Loving on a Larger Scale

I don’t know how to do this yet. But I know it’s the goal. Until we bust beyond where it is comfortable to love, we’re not working the depth of what love has to offer.

So many of us think, well, it’s impossible to love on a larger scale because there are so many criminals, jerks or mean people out there. If I open my heart to all, that would be indiscriminate and foolish. How do I know if I say “hello love” to someone that they are worthy of that greeting?

No one wants to be Pollyanna. There IS evil in the world. I think learning to love on a larger scale requires sounding a higher note, so that even the darkest or most lost figures get swept up into an unstoppable current leading to something lighter and more clear.

Brass tacks. Should I walk down the street and greet each person I meet, silently or not, with Hello Love? How could I name someone who just did something atrocious – LOVE? Am I not feeding what is already dark? Am I not being insensitive to those hurt by that person? Am I not giving that darkness energy?

I don’t think so. A few things are important here:

1. Our actions are not being named love. Our purest essence –which is truly who we are – is being named love. The greeting is a reminder of who we are. And it’s a reminder that every moment we can choose for our actions to reflect that. It’s a call to ORDER.

2. Hello Love is not PERSONAL. It is naming something essential in each of us that’s all the same fabric. In that sense, it has nothing to do with each of us as individuals, only what we are ALL together. We are ALL woven of the fabric of love. Naming someone love invites them to remember that fabric—that circle of love. And that remembrance can be startling and purificatory.

3. Hello Love is not an isolated greeting. Each time it is spoken, it’s as if it cleans something up in the energetic field. It begins to build a thought form that has signficance and power. I believe “Energy follows thought.” Imagine energy streaming into the building thought form that we are --in our purest essence-- love.

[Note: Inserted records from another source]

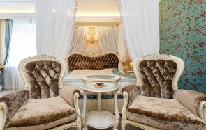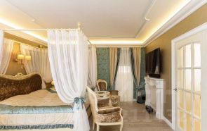 Спальня с Итальянской мебелью площадью 22 кв.м. с примыкающим санузлом 14 кв.м. и просторной гардеробной 18,5 кв.м. станет вашим личным уголком уюта и релаксации.
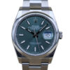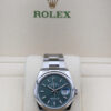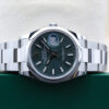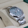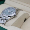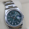 THE WATCH FEATURES A STUNNING MINT GREEN DIAL, A DATE WINDOW AT 3 O’CLOCK AND A SMOOTH OYSTERSTEEL BEZEL.
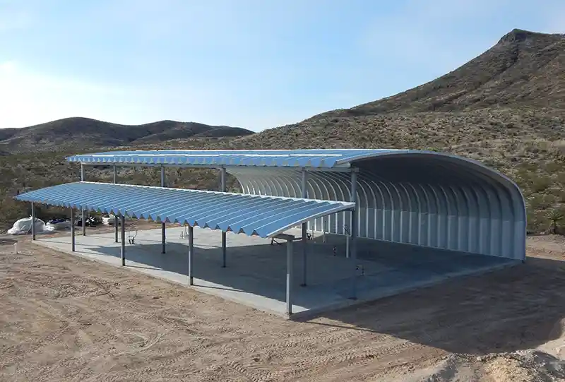 • Open sided, partial arch structure
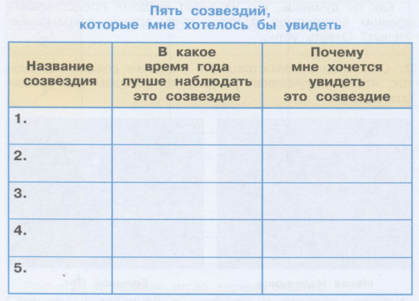 5. Выполняем задание Мудрой Черепахи – любительницы астрономии. С помощью атласа – определителя "От земли до неба" заполняем таблицу.
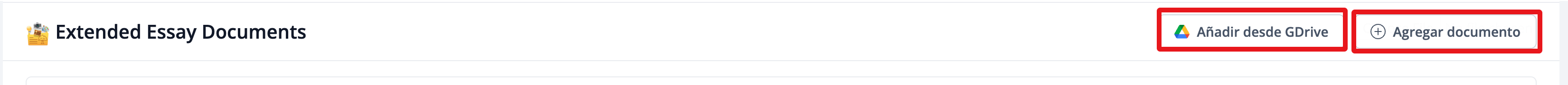 Tanto tú como tu supervisor pueden subir esquemas, borradores o documentos de referencia en la sección Documentos del Extended Essay.
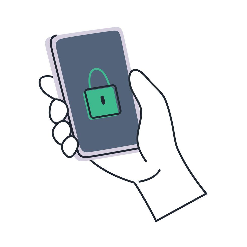 Flat cartoon illustration of hand holding smartphone with lock icon on screen, digital security concept, data protection and safe access, modern style for apps, privacy and technology projects Pro Vector
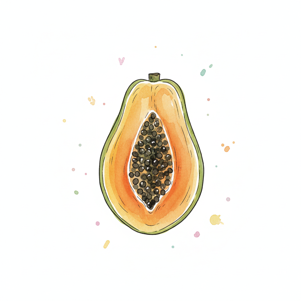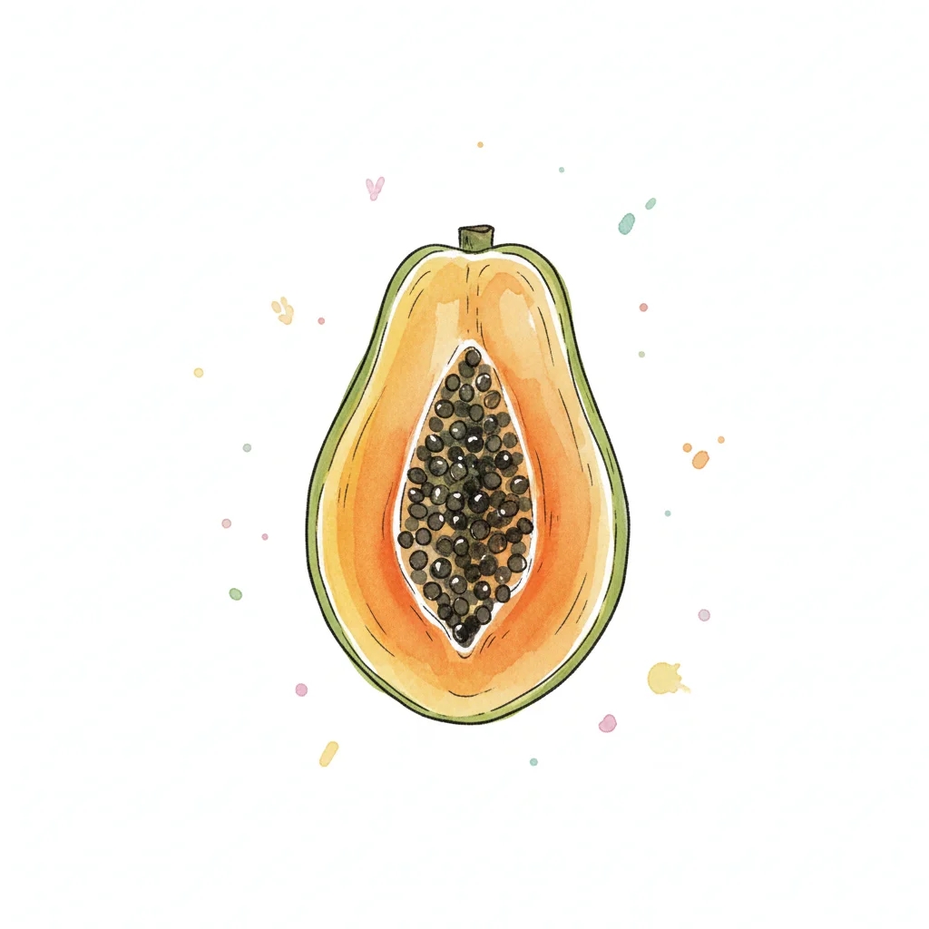 Aquarell-Illustration einer halbierten Papaya mit Kernen auf weißem Hintergrund, umgeben von Farbspritzern.
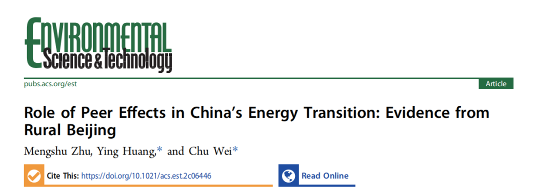 该研究成果以“Role of Peer Effects in China’s Energy Transition: Evidence from Rural Beijing”为题发表在Environmental Science & Technology上。太阳成集团tyc能源经济系博士生朱梦舒为论文第一作者,黄滢副教授为通讯作者。该项研究工作得到了国家自然科学基金委、太阳成集团tyc官网的大力支持。
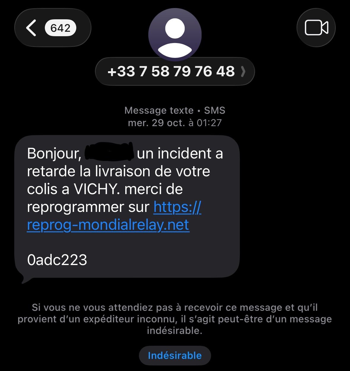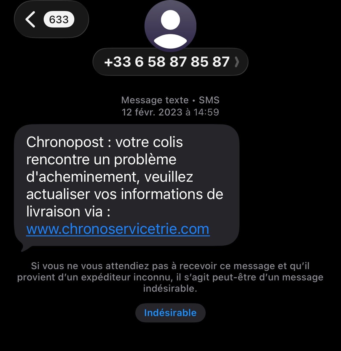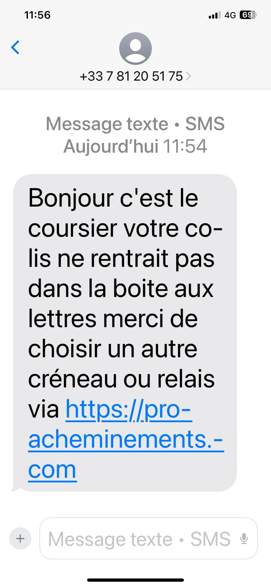 Faux sms lié à une livraison qui n'existe pas
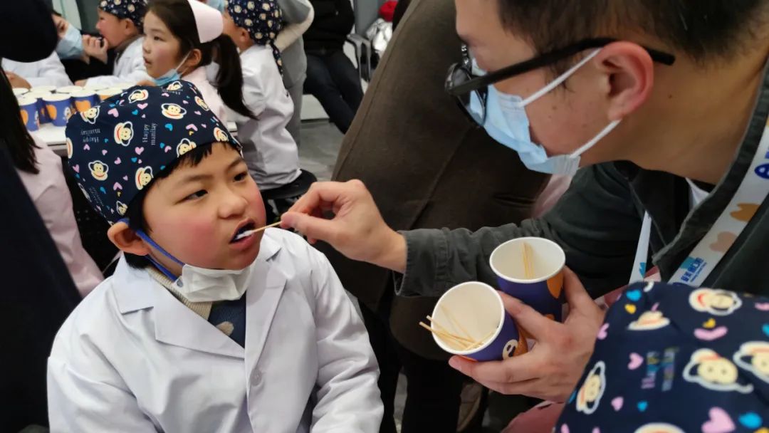 工作人员为小记者涂抹药剂,检测牙齿是否干净并通过教具学习如何正确使用牙线。
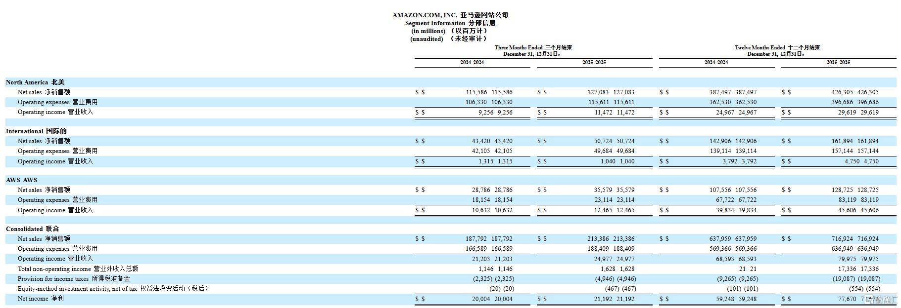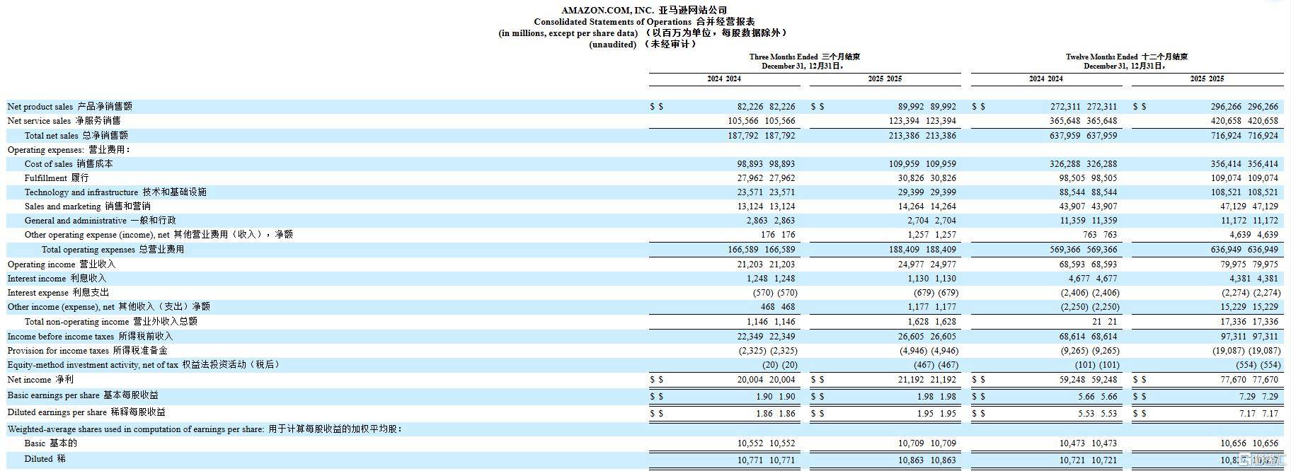2025年,亚马逊全年净销售额增长12%,达到7169亿美元,2024年为6380亿美元。

Here’s the deal. Right now, most of us are only capable or for that matter only desiring to love our nearest and dearest. We use love in the context of family and friends. But I think we can begin to take these circles of love and extend them. And until we do so, we are not living love fully.

When we’re willing to begin EXPERIMENTING with this, we discover a dance of love and discrimination. Because love isn’t always pretty. Love can be fierce. Love can be protective. Love can be the law. The only way, for example, for us to extend concentric circles of love to our nation or our planet---love on a LARGE scale—is to be willing to see and name the purest essence of each person we meet but also be willing to deal effectively and powerfully with inappropriate action by that person or nation or community.

It’s a delicate balance. But it involves first and foremost a willingness to open to the possibility of love in each encounter. This will not be the reality globally for a long time. But if we practice remaining open where we usually let fear, judgment, embarrassment or laziness win the day, we can begin the preliminary steps towards loving on a larger scale.